La fiction des flux comme tra(ns)duction
La composition narrative contemporaine opère un déplacement significatif : elle s’éloigne de l’accumulation mémorielle locale pour s’orienter vers une captation dynamique des flux, relations et vecteurs circulant dans l’écosystème numérique. Cette captation ne constitue pas un simple prélèvement passif mais instaure elle-même un contre-flux dont la première opération consiste à extraire des éléments d’un continuum, à les traduire selon une logique différentielle, puis à les retranscrire suivant une matrice transformative spécifique.
La phase de retranscription, loin de maintenir une fidélité mimétique à l’original, ouvre précisément l’espace d’une co-écriture entre l’humain et le machinique, entre l’intention auctoriale et les potentialités systémiques des réseaux. Cette co-écriture ne désigne pas simplement une collaboration entre entités préexistantes, mais l’émergence d’un processus scriptural hybride qui transforme la nature même des acteurs impliqués. L’expérimentation avec Jean-Pierre Balpe illustre cette reconfiguration où l’auteur devient modulateur de processus génératifs plutôt que source originaire d’un contenu déterminé.
Un phénomène singulier surgit dans cette configuration : une correspondance inattendue entre la défaillance ou l’ouverture des systèmes techniques et l’indétermination constitutive de l’humain se manifeste dans certaines productions imagétiques. Ces images échappent au schéma hylémorphique traditionnel opposant matière passive et forme active. Leur genèse n’est pas simplement technique mais fondamentalement relationnelle : elles n’existent qu’à travers leur circulation dans un réseau de déterminations variables et comme produits d’extractions spécifiques.
Ces images nous parviennent moins comme objets stables que comme événements temporalisés. Leur provenance, les critères de leur sélection (mots-clés, paramètres, algorithmes), les conditions de leur transmission deviennent perceptibles non comme métadonnées externes mais comme dimensions constitutives de leur manifestation. Même la latence technique – le temps d’attente et de chargement – cesse d’être un obstacle pour devenir une variable esthétique positive, un élément de la dramaturgie de l’advenue imagétique.

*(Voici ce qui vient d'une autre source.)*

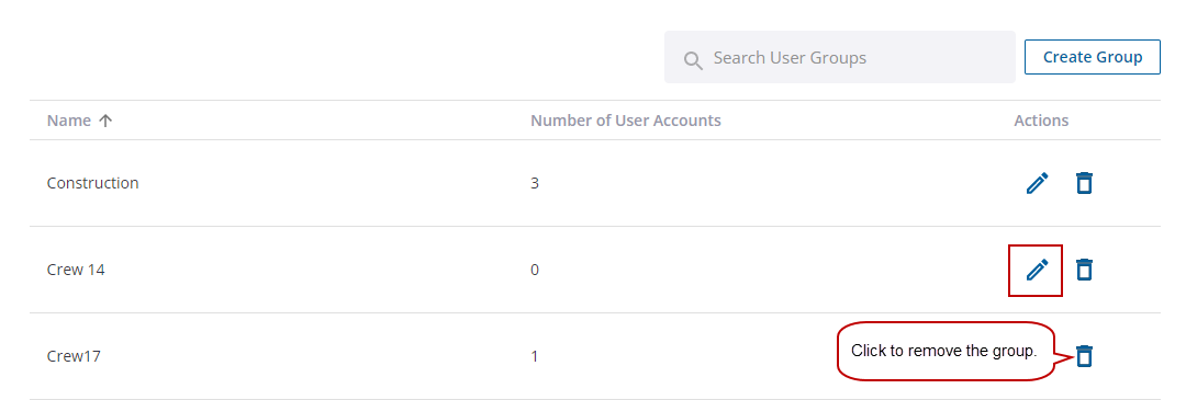 Any existing groups appear in the list. Names of groups can be modified and existing groups can be removed. New groups can also be created.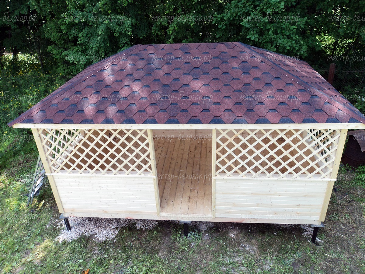 4х-гранная крыша,мягкая кровля.Перголы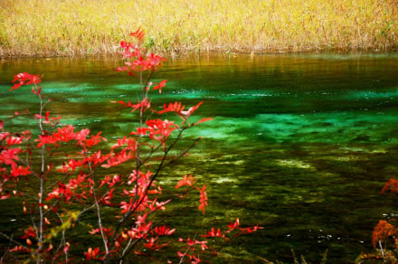 繽紛的落葉在湖光流韻間漂浮,悠遠(yuǎn)的晴空碧凈而湛藍,秋天的九寨溝美得仿佛不真實,無時無刻不在演繹著赤、橙、黃、綠、青、藍、紫的夢幻組合,古人說的“造化鐘神秀”,也就不過如此吧。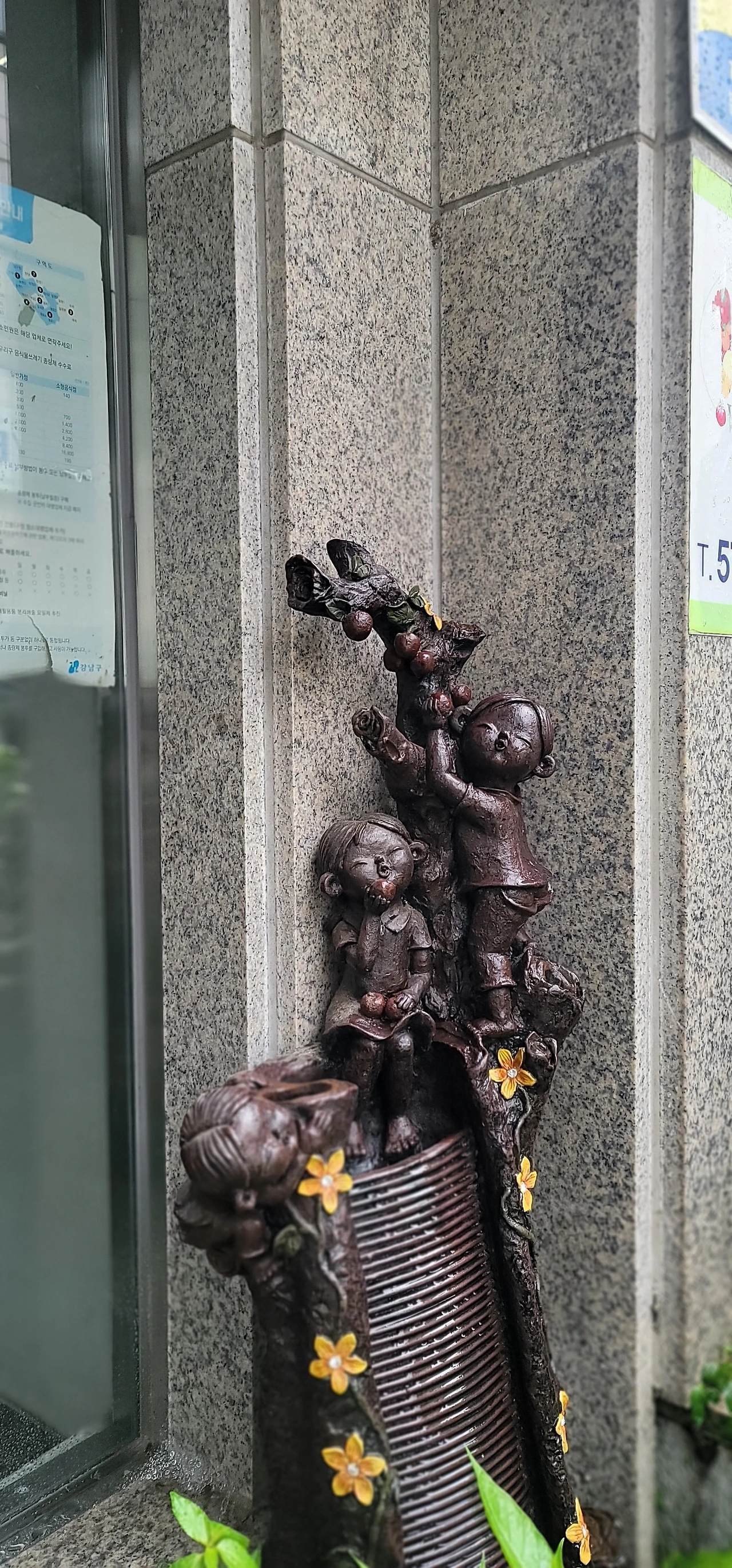 건물입구에 놓여 있는 물건입니다. 거기에 다양한 표정으로 감 따는 모습이 저희 가정 삼남매 같아서 잠시 시선이 머물렀습니다. "하하"웃고는 잠시 서서 노는 모습을 지켜보고 있었습니다. 작은 것들은 다 귀엽고 재밌고 아름답습니다. 그것을 만든 작가의 의도도, 거기에 놔둔 주인의 의도도 생각해봤고요.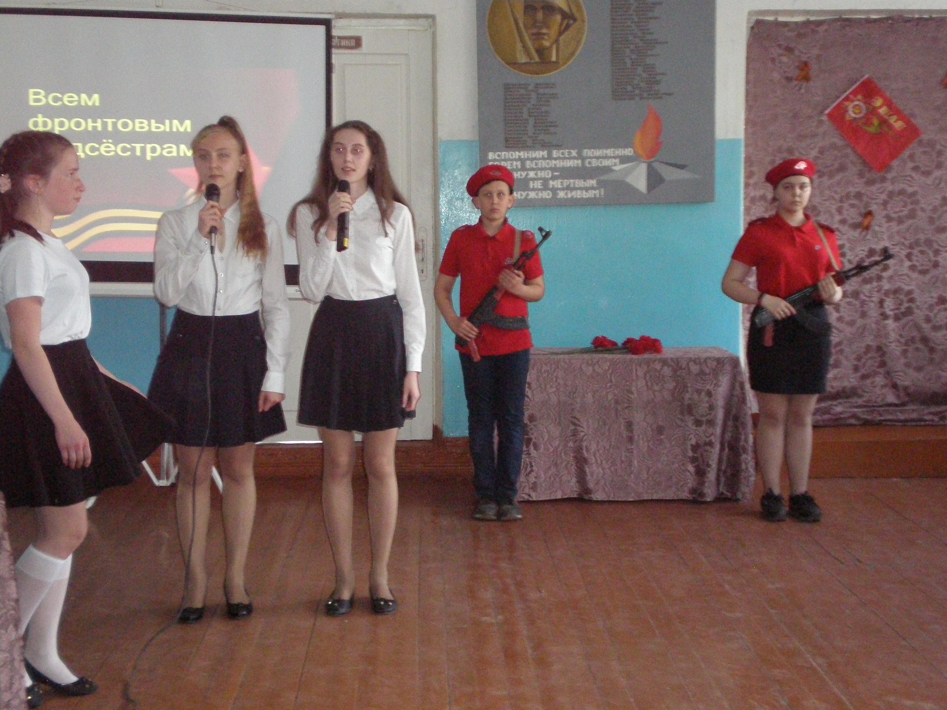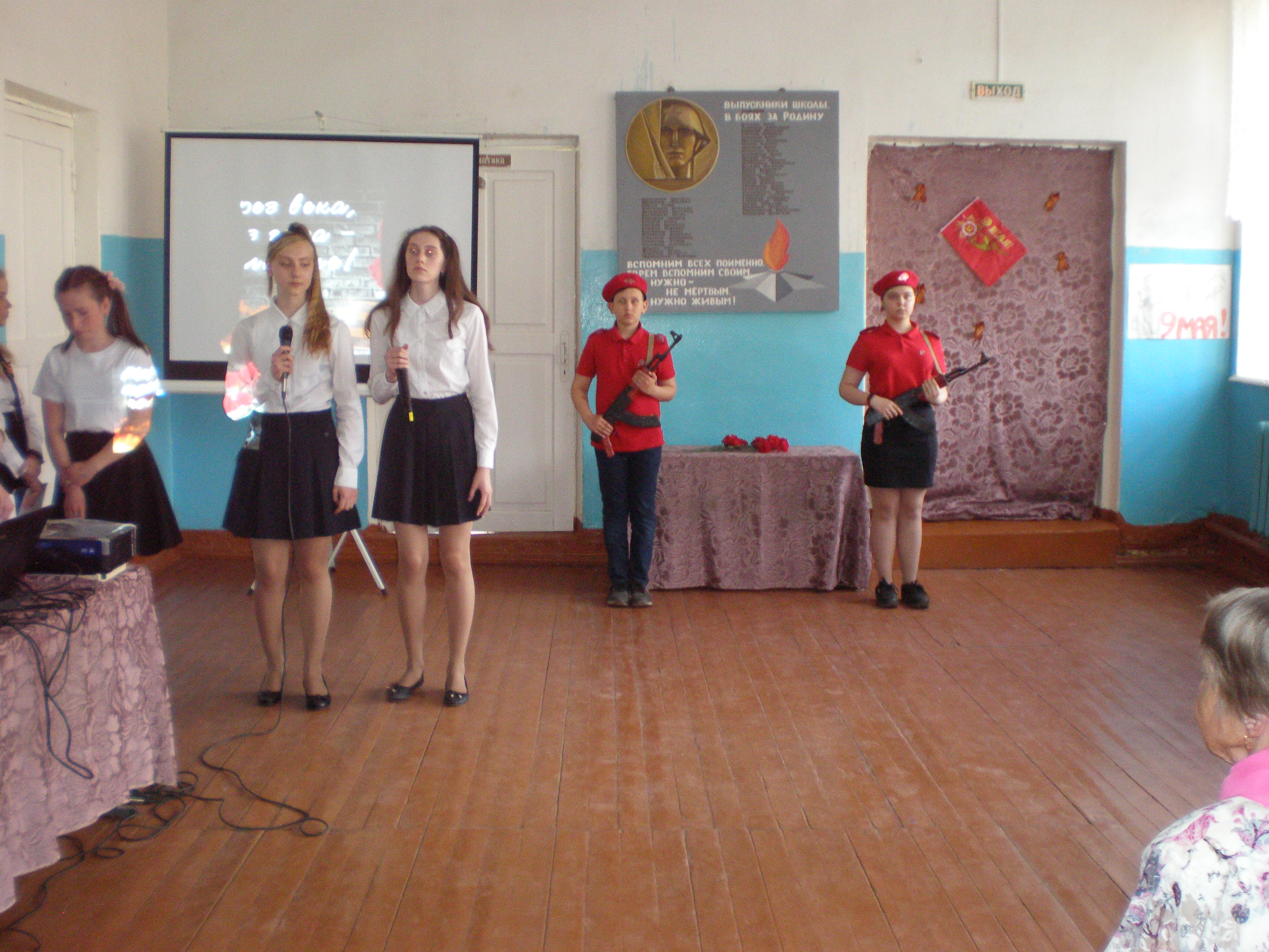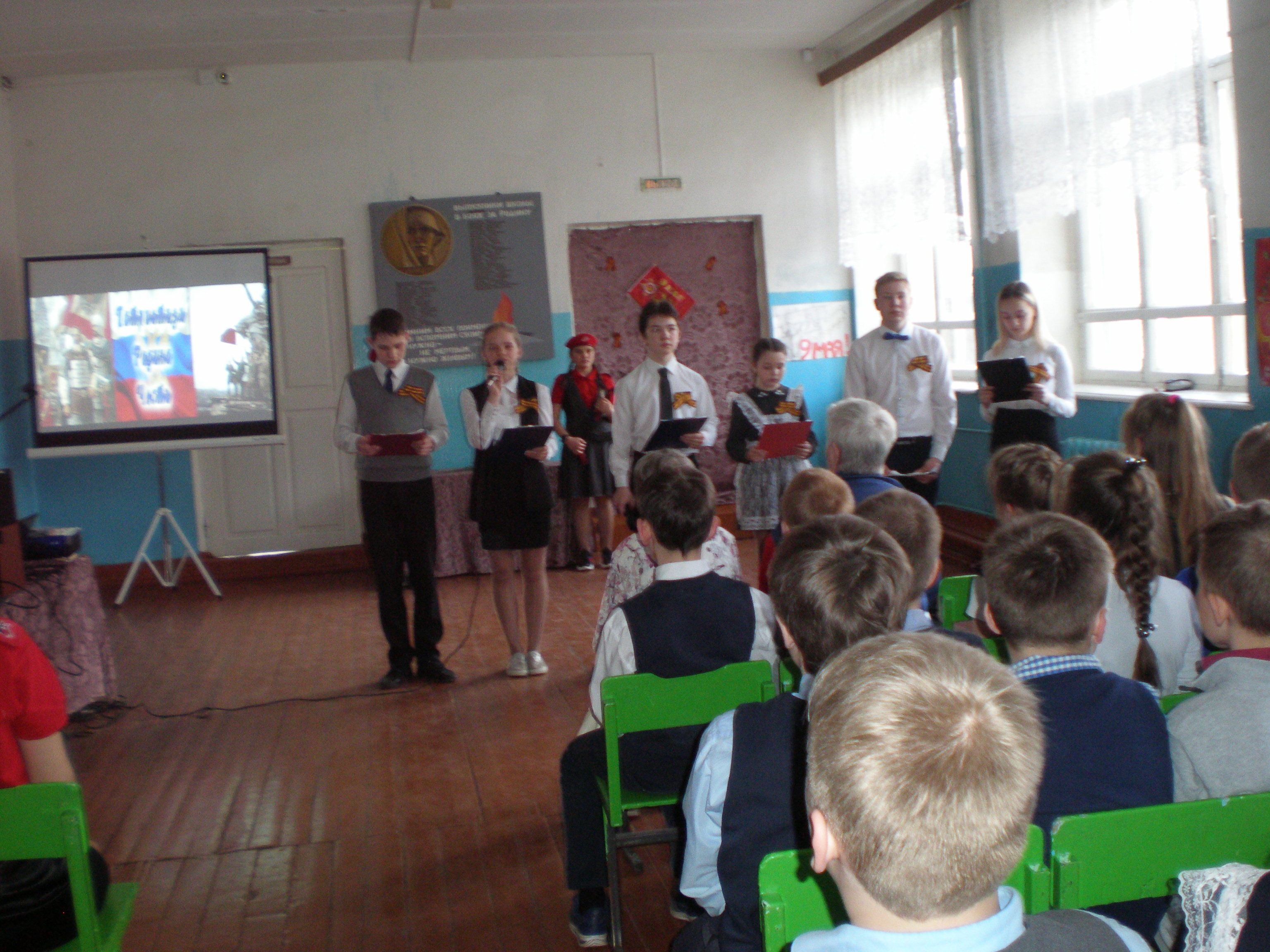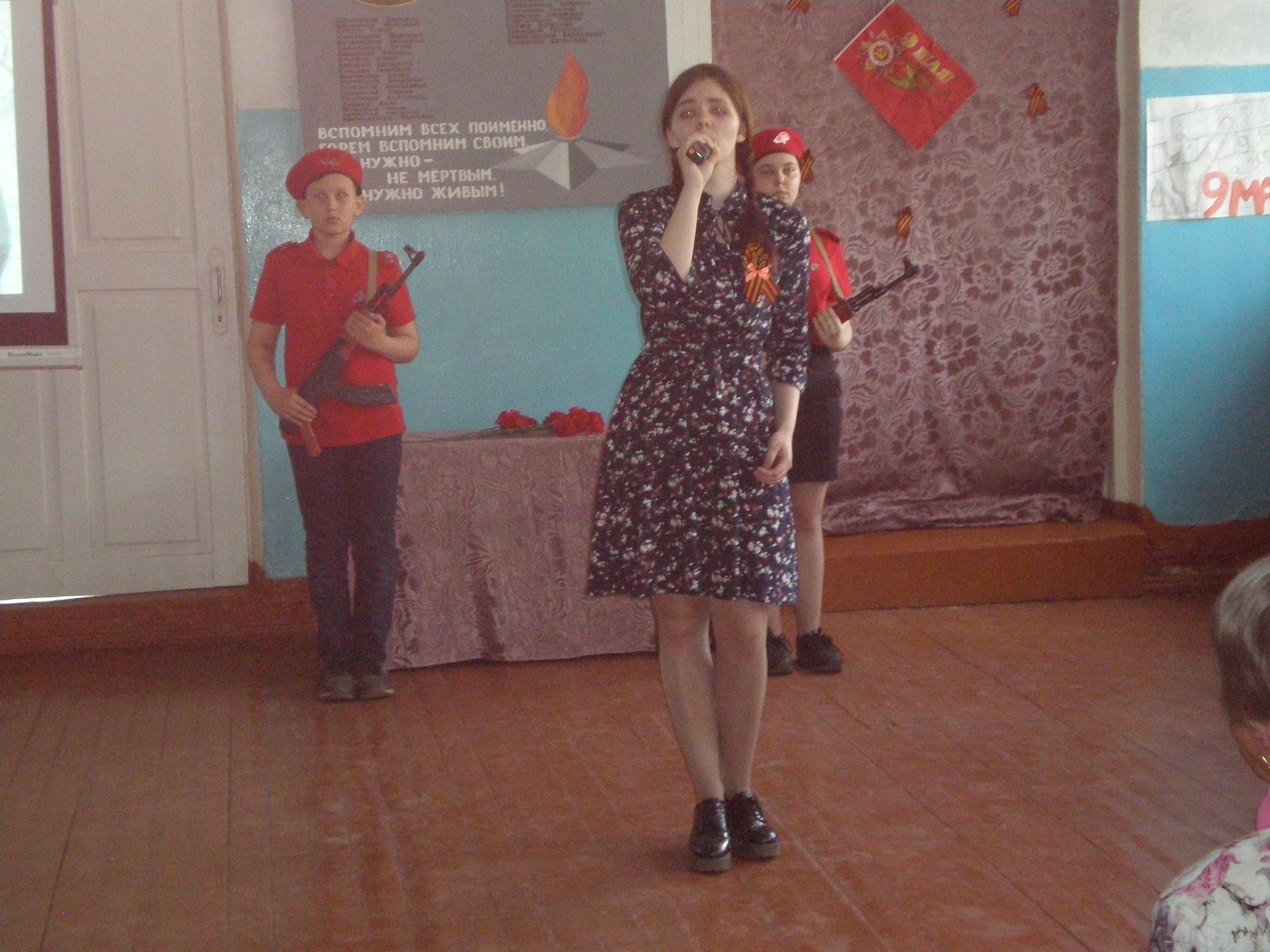 6 мая в МБОУ «СОШ №9» проходило торжественное мероприятие, посвящённое 74-летию Великой Победы. Учащимся школы, педагогам, ветеранам педагогического труда была предоставлена литературно – музыкальная композиция «1418 дней и ночей». Прозвучали проникновенные слова о великом подвиге советского народа, подготовлена презентация, школьный хор, ансамбли «Динамика», «Дети солнца» исполнили замечательные песни военного времени «Катюша», «Синий платочек», «На Безымянной высоте!» Заключительным аккордом стал танец учащихся 4а класса и песня в исполнении ансамбля «Динамика» «Я хочу, чтобы не было больше войны»

L’indétermination humaine se trouve affectée par ces défaillances et ouvertures techniques précisément parce qu’elles opèrent selon une logique de réseau, suivant un mode transductif où les transformations se propagent de proche en proche, sans médiation centralisée. Cette propagation ne respecte pas la distinction traditionnelle entre forme et matière, entre actif et passif, mais instaure un champ de modulations réciproques où technique et humain se reconfigurent mutuellement.
Pour saisir cette dynamique, nous proposons le concept de tra(ns)duction, néologisme fusionnant traduction et transduction. La transduction désigne cette propagation transformative qui constitue la dynamique même du réseau, tandis que la traduction représente la structure opératoire fondamentale qui la rend possible. L’ordinateur fonctionne essentiellement comme machine à traduire – entre langages, formats, protocoles – mais cette traduction n’est jamais neutre : elle produit inévitablement autre chose, un excès ou une différence qui échappe à la simple reproduction.
La tra(ns)duction opère à la jonction de ces deux processus, désignant simultanément la propagation transformative des effets à travers un réseau et les opérations de conversion qui permettent cette propagation. Ce concept ne désigne pas simplement un procédé technique mais une modalité existentielle caractéristique de notre condition numérique contemporaine, où l’expérience se constitue précisément dans ces passages entre régimes hétérogènes, dans cette circulation transformative continue.
Cette perspective transforme la compréhension traditionnelle de l’image comme représentation stabilisée d’une réalité préexistante. L’image devient plutôt un nœud temporaire dans un réseau de transformations continues, un moment de cristallisation provisoire dans un flux de tra(ns)ductions. Sa valeur esthétique ne réside plus dans sa capacité à représenter fidèlement un référent, mais dans sa puissance à rendre sensibles les processus mêmes de sa génération et circulation.